It should be noted that the term "political propaganda" does not appear on the form.

The statutory definition of that term reads as follows:

"(j) The term 'political propaganda' includes any oral, visual, graphic, written, pictorial, or other communication

Page 481 U. S. 472

or expression by any person (1) which is reasonably adapted to, or which the person disseminating the same believes will, or which he intends to, prevail upon, indoctrinate, convert, induce, or in any other way influence a recipient or any section of the public within the United States with reference to the political or public interests, policies, or relations of a government or a foreign country or a foreign political party or with reference to the foreign policies of the United States or promote in the United States racial, religious, or social dissensions, or (2) which advocates, advises, instigates, or promotes any racial, social, political, or religious disorder, civil riot, or other conflict involving the use of force or violence in any other American republic or the overthrow of any government or political subdivision of any other American republic by any means involving the use of force or violence."

§ 611(j).

II

In determining whether a litigant has standing to challenge governmental action as a violation of the First Amendment, we have required that the litigant demonstrate "a claim of specific present objective harm or a threat of specific future harm." Laird v. Tatum,408 U. S. 1, 408 U. S. 14 (1972). In Laird, the plaintiffs alleged that the intelligence-gathering operations of the United States Army "chilled" the exercise of their First Amendment rights because they feared that the defendants might, in the future, make unlawful use of the data gathered. We found that plaintiffs lacked standing; the Army's intelligence-gathering system did not threaten any cognizable interest of the plaintiffs. While the governmental action need not have a direct effect on the exercise of First Amendment rights, we held, it must have caused or must threaten to cause a direct injury to the plaintiffs. Id. at 408 U. S. 12-13. The injury must be "distinct and palpable.'" Allen v. Wright,468 U. S. 737, 468 U. S. 751 (1984) (citations omitted).

Page 481 U. S. 473

Appellee's allegations and affidavits establish that his situation fits squarely within these guidelines. To be sure, the identification as "political propaganda" of the three films Keene is interested in showing does not have a direct effect on the exercise of his First Amendment rights; it does not prevent him from obtaining or exhibiting the films.

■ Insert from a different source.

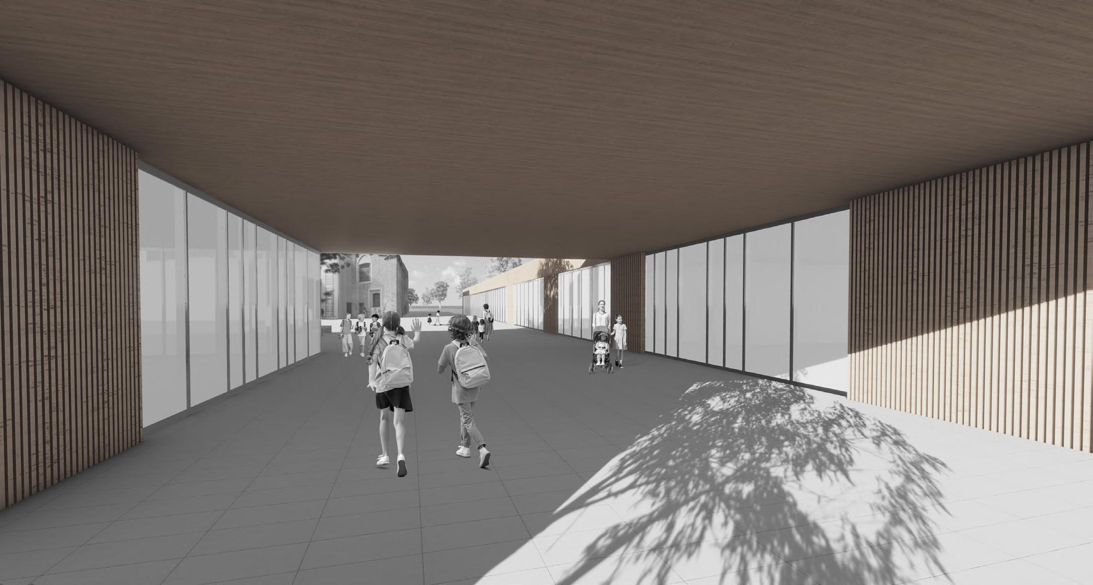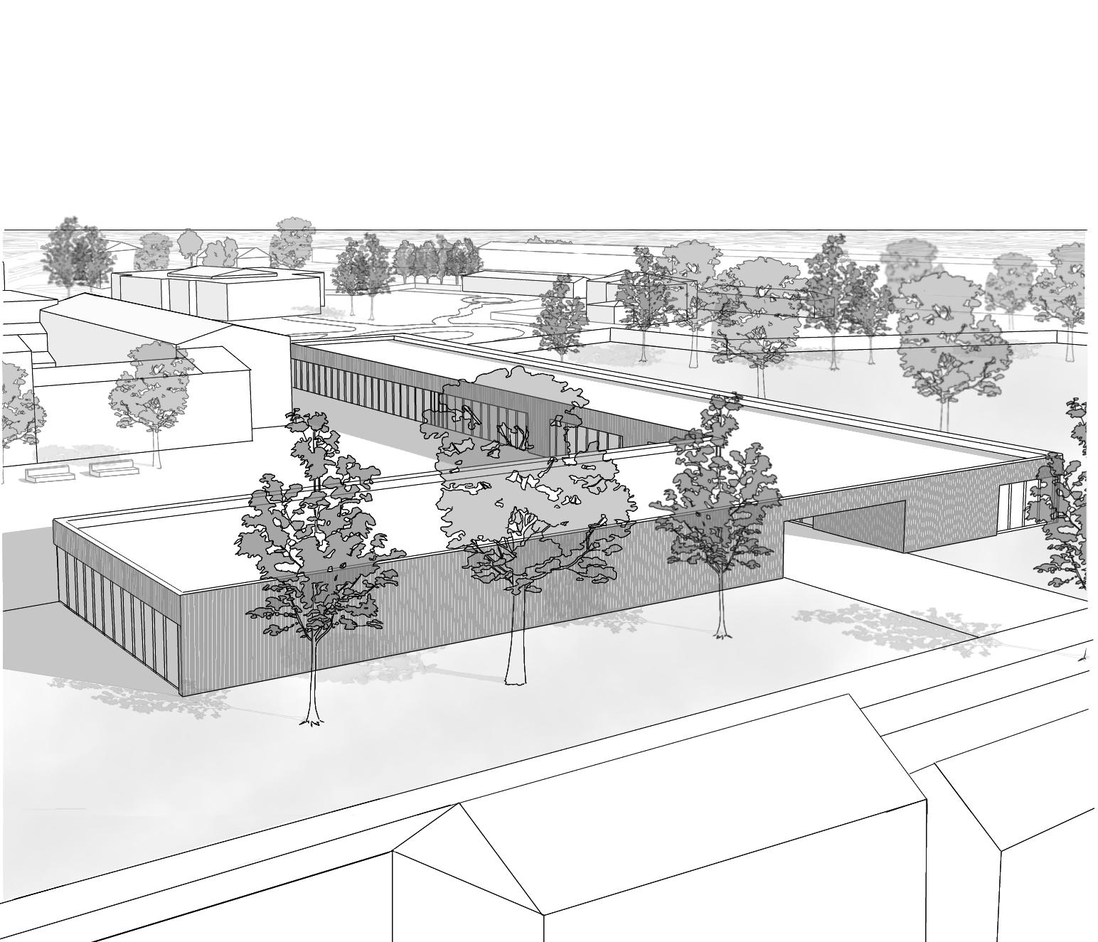 Le cahier des charges précis a mené au développement d’un bâtiment en deux parties, rejointes par un passage couvert, et donnant naissance à un nouveau parcours et place publique entourant
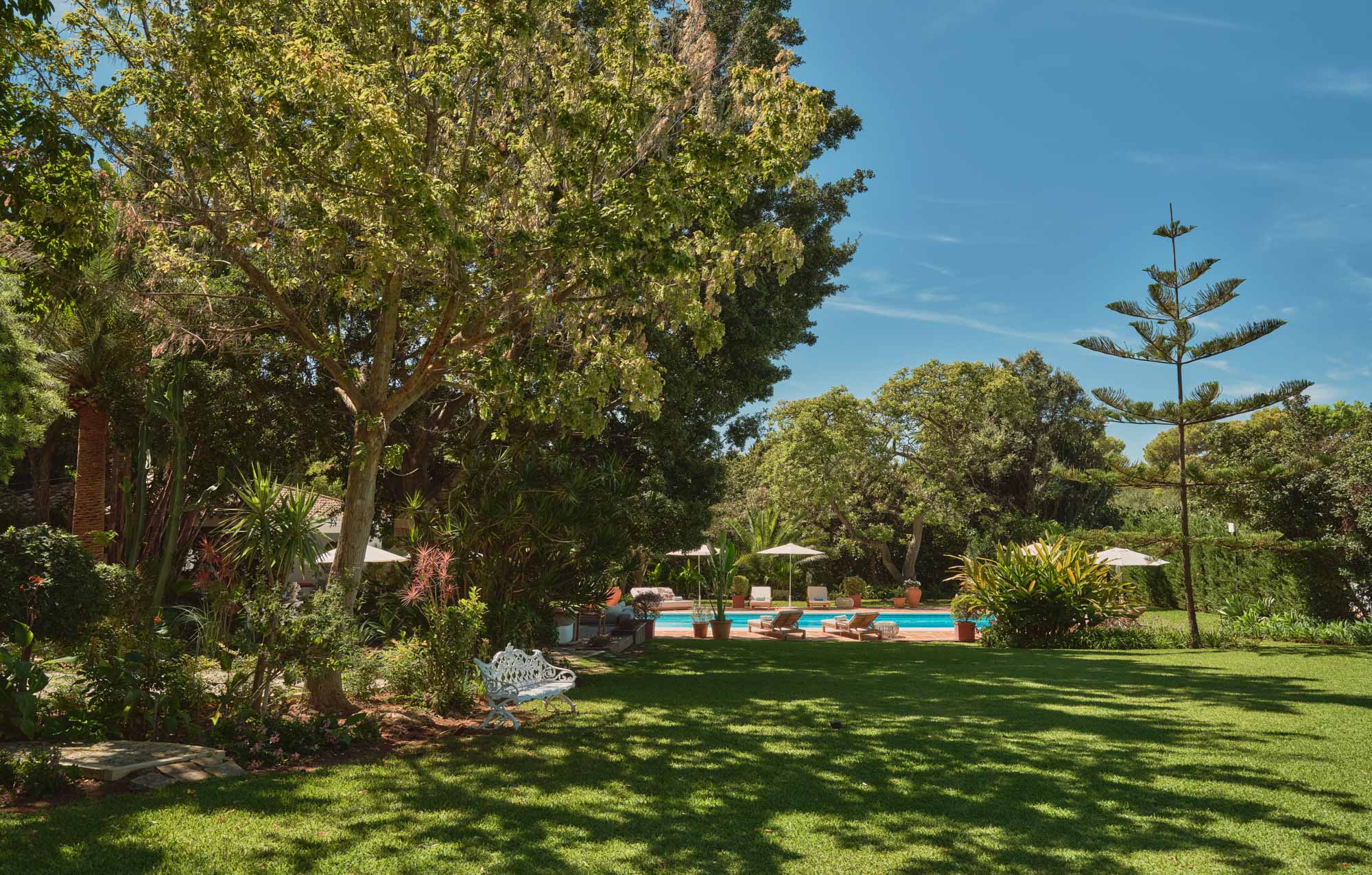 The pool is positioned below the main terrace at the foot of the garden, surrounded by greenery and sun loungers to recline on. A fully restored padel court sits just beyond – a unique facility with heritage value as the first residential court of its kind in Spain.

As the District Court recognized, however,

"[w]hether the statute in fact constitutes an abridgement of the plaintiff's freedom of speech is, of course, irrelevant to the standing analysis."

619 F.Supp. at 1118. While Keene did not and could not allege that he was unable to receive or exhibit the films at all, he relies on the circumstance that he wished to exhibit the three films, but was "deterred from exhibiting the films by a statutory characterization of the films as political propaganda.'" 569 F.Supp. at 1515. If Keene had merely alleged that the appellation deterred him by exercising a chilling effect on the exercise of his First Amendment rights, he would not have standing to seek its invalidation. See Laird, supra, at 408 U. S. 13-14.

We find, however, that appellee has alleged and demonstrated more than a "subjective chill"; he establishes that the term "political propaganda" threatens to cause him cognizable injury. He stated that

"if he were to exhibit the films while they bore such characterization, his personal, political, and professional reputation would suffer and his ability to obtain reelection and to practice his profession would be impaired."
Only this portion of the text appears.